Our models suggest caution, but not alarm. The yield curve is flattening, but remains far from inverted. The 12 - month recession probability is only 25%.


Aging gracefully

The U.S. is in the second-longest economic expansion since the 1800s, but we still see some runway left. On the bright side, the pace of job growth is still strong and corporate credit spreads are still low.

However, the Business Cycle Index (BCI) model, which uses a range of economic and financial variables to estimate the strength of the U.S. economy, recommends caution, though not alarm. The caution is partially driven by the slope of the yield curve, a historically reliable predictor of recessions and an input into the BCI model. In the last five cycles, an inverted yield preceded a recession by 10 to 32 months.

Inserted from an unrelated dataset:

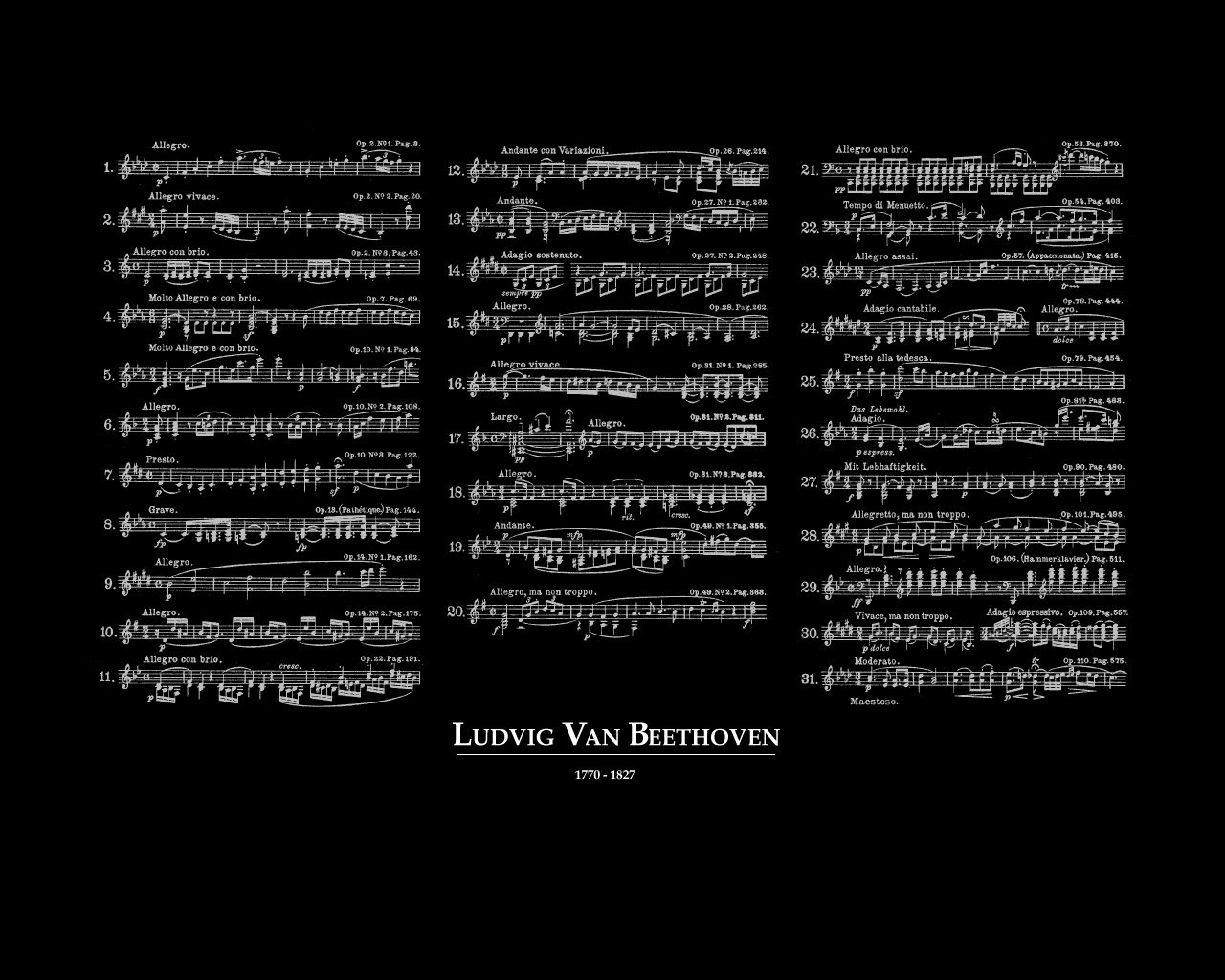 Pięciolinia Ludwiga van Beethovena na czarnym tle

The current yield curve is far from inverted, but its flattening puts upward pressure on the model’s recession probability.

Another point of caution is the Treasury-Euro/Dollar (TED) rate spread, or the difference between 3-month London Interbank Offered Rate (LIBOR) and U.S. Treasury bills. This model input is historically an indicator for financial institution health. With no manual override, the rise in TED spreads would’ve triggered a 12-month recession warning in the BCI model. However, the current increase in the TED spread is driven by supply and demand shifts in the money markets and not default risk. Adjusting for the TED spread distortion, the BCI model’s 12-month recession probability is only 25%.

A positive outlook, but on the lookout

Throughout this market expansion our equity-fixed income model has been slightly bullish. Following momentum as the market goes higher yet cautious of high valuations. The past few months have seen a small increase in the preference for equity over fixed income but at mid-year 2018 this overall pattern of cautious optimism holds. 

Within our cycle, value and sentiment investment decision-making framework we make the following overarching assessments based on our quantitative models.

  • Business cycle: The cycle remains strong, though the risk of a recession rises as we near the end the of cycle.
  • Valuation: We see equities as fairly valued relative to fixed income measured by our “Fed” model, which focusses on earnings yield versus U.S. Treasury yield.  Our “Discounted Future Cash” model sees equities as more attractive.
  • Sentiment: This currently favors equity. It may fluctuate between mild and strong but the signal has been consistently positive from a momentum perspective.

Given that we still see both positive momentum and expensive valuations, we face a tough call between equity and fixed income. We continue to have a positive outlook, yet look for any sign that the market may flinch and reverse our momentum score. This leaves us in a mildly positive spot but on the lookout as we get further and further into this cycle.